[Records shown Boundary: Start]
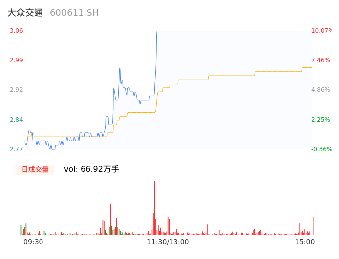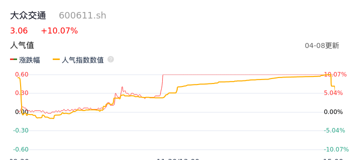 04月08日,大众交通收报3.06,股价涨幅10.07%,成交金额1.99亿元,换手率4.28%。
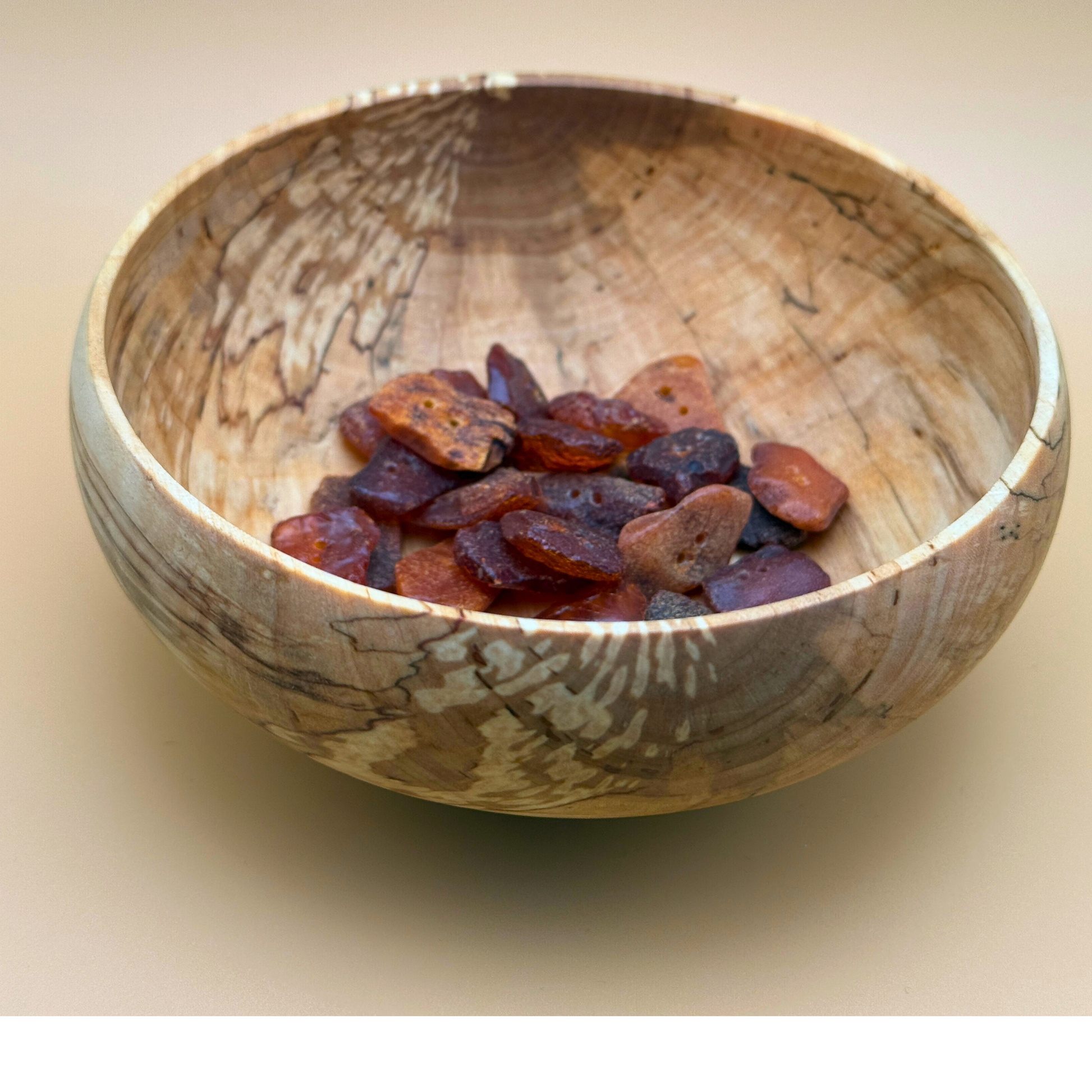 Skålen er behandlet med en fødevaresikker, farveløs olie , der bevarer træets rå skønhed og taktile blødhed. På undersiden finder du et lille lyst cognacfarvet stykke rav – en diskret signaturdetalje, der forbinder genstanden med Ravgaards verden af nordisk natur og håndværk.
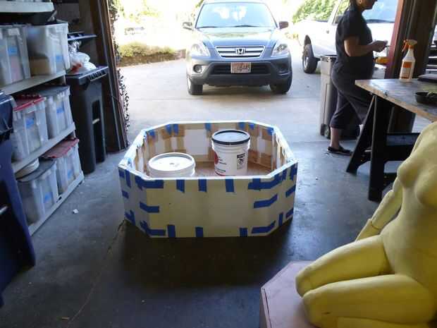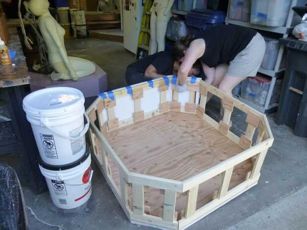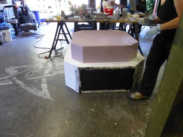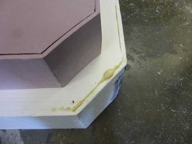La base principal está realizada con 1 "x 3" tiras de grapas con 4" cuadrado 1/2" madera contrachapada y una tapa de madera contrachapada de 1/2" de la leña. es 48 "x 48" x 20 "con los ángulos cortados en un ángulo de 45 grados. Cubrimos toda la base en 1/2" la espuma de poliestireno pegado abajo con pegamento del gorila.
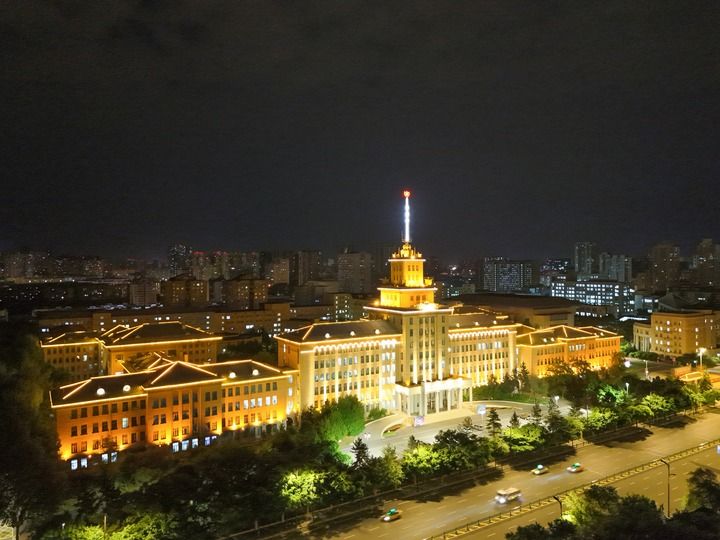 夜幕下的哈工大主楼(2025年6月8日摄)。哈尔滨工业大学党委宣传部供图
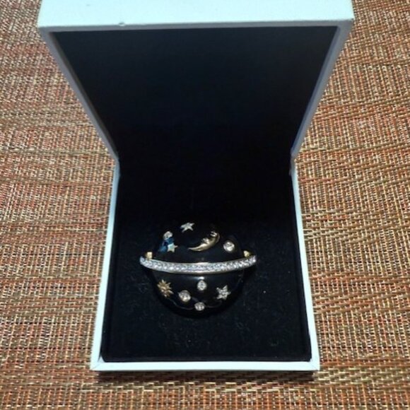 Swarovski Swan Signed Black Enamel Crystals Celestial Planet Brooch Stars Moon
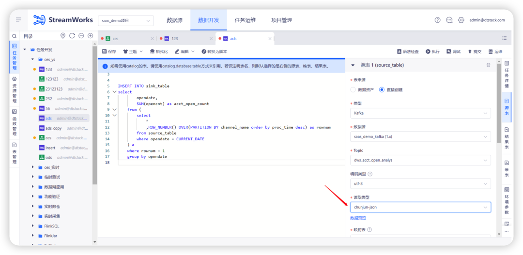 上个迭代已经支持了 OGG-JSON 的自动映射,本次迭代支持了实时平台自身采集工具打到 Kafka 的格式(ChunJun-json)。
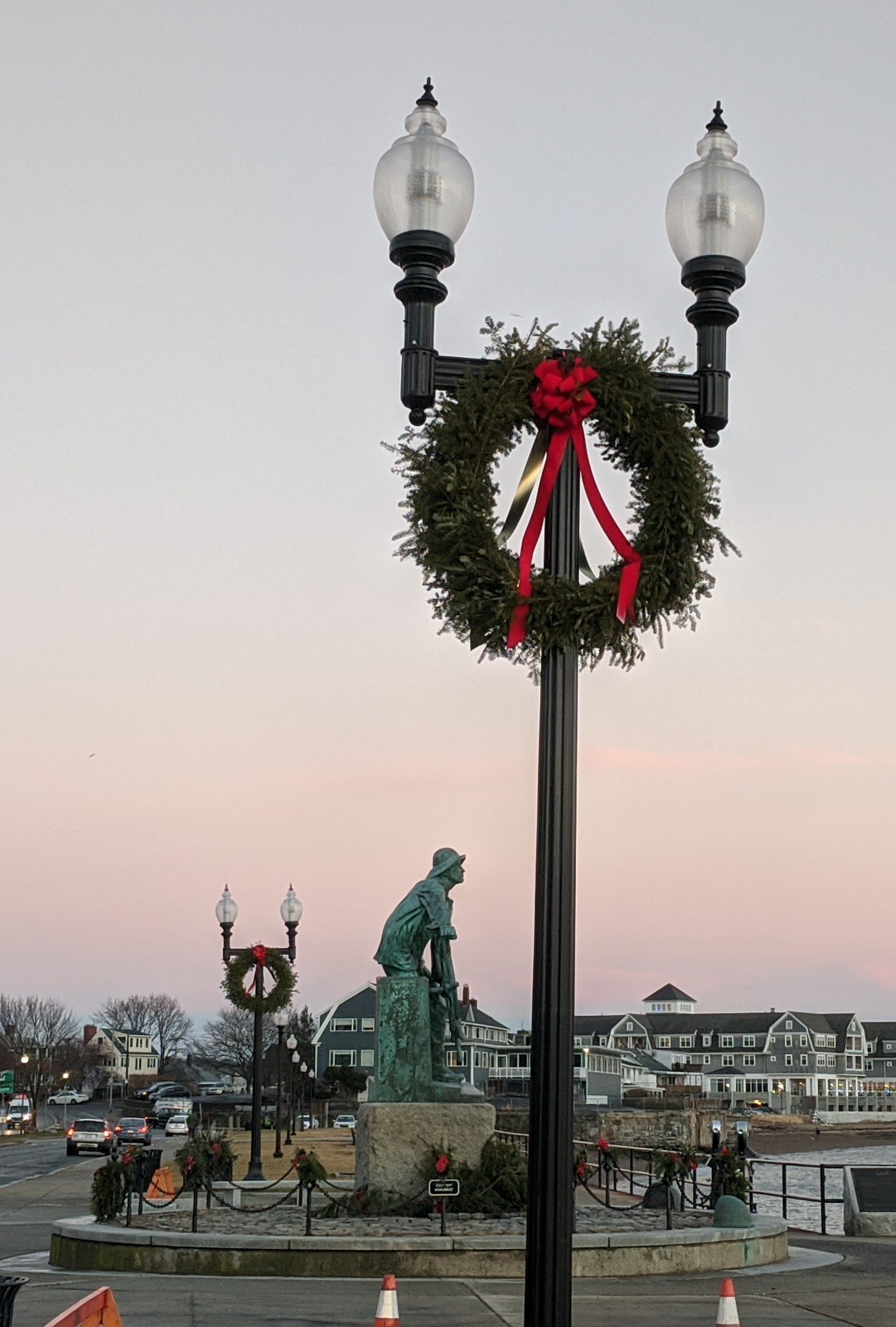 Digging out photos: A few after the winter storm scenes of downtown Gloucester by 9:30AM 12/18/2020. Any surface brick or stone is slick as can be. Evergreen pine trees & wreaths were randomly frosted like the Kancamagus Highway. Yet snow was already gone from the marsh.
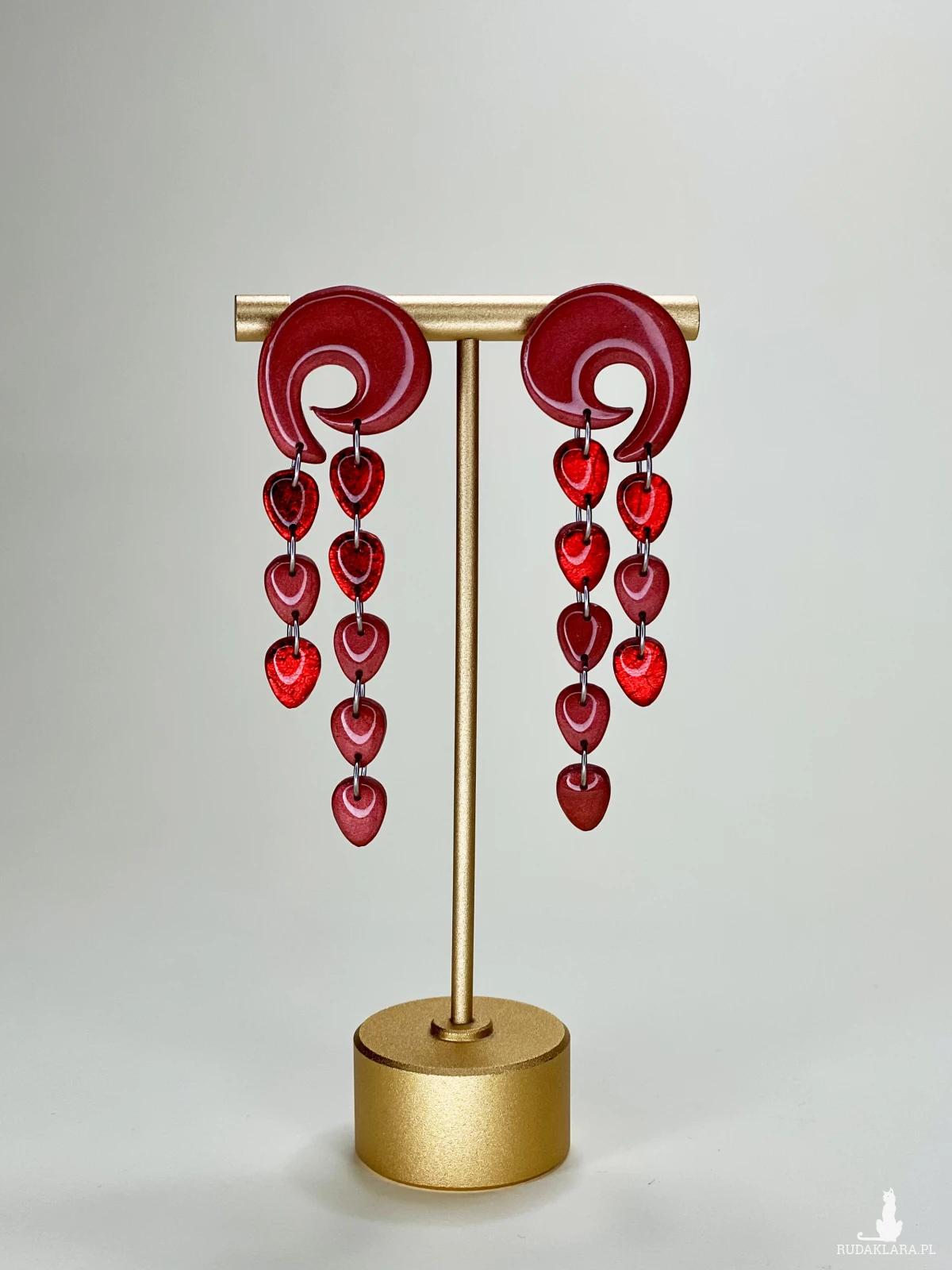 Projektuję artystyczną biżuterię z gliny polimerowej, którą wykańczam żywicą. Zapraszam na mój instagram: clayee.art, na którym pokazuję jak je tworzę.
[Records shown Boundary: End]
» Problem statement:
Nothing but the lines from the one containing "Skålen er behandlet" through the final line of the entries above should be given again, each exactly as written; omit the pictures.

» Written response:
 Skålen er behandlet med en fødevaresikker, farveløs olie , der bevarer træets rå skønhed og taktile blødhed. På undersiden finder du et lille lyst cognacfarvet stykke rav – en diskret signaturdetalje, der forbinder genstanden med Ravgaards verden af nordisk natur og håndværk.
La base principal está realizada con 1 "x 3" tiras de grapas con 4" cuadrado 1/2" madera contrachapada y una tapa de madera contrachapada de 1/2" de la leña. es 48 "x 48" x 20 "con los ángulos cortados en un ángulo de 45 grados. Cubrimos toda la base en 1/2" la espuma de poliestireno pegado abajo con pegamento del gorila.
 夜幕下的哈工大主楼(2025年6月8日摄)。哈尔滨工业大学党委宣传部供图
 Swarovski Swan Signed Black Enamel Crystals Celestial Planet Brooch Stars Moon
 上个迭代已经支持了 OGG-JSON 的自动映射,本次迭代支持了实时平台自身采集工具打到 Kafka 的格式(ChunJun-json)。
 Digging out photos: A few after the winter storm scenes of downtown Gloucester by 9:30AM 12/18/2020. Any surface brick or stone is slick as can be. Evergreen pine trees & wreaths were randomly frosted like the Kancamagus Highway. Yet snow was already gone from the marsh.
 Projektuję artystyczną biżuterię z gliny polimerowej, którą wykańczam żywicą. Zapraszam na mój instagram: clayee.art, na którym pokazuję jak je tworzę.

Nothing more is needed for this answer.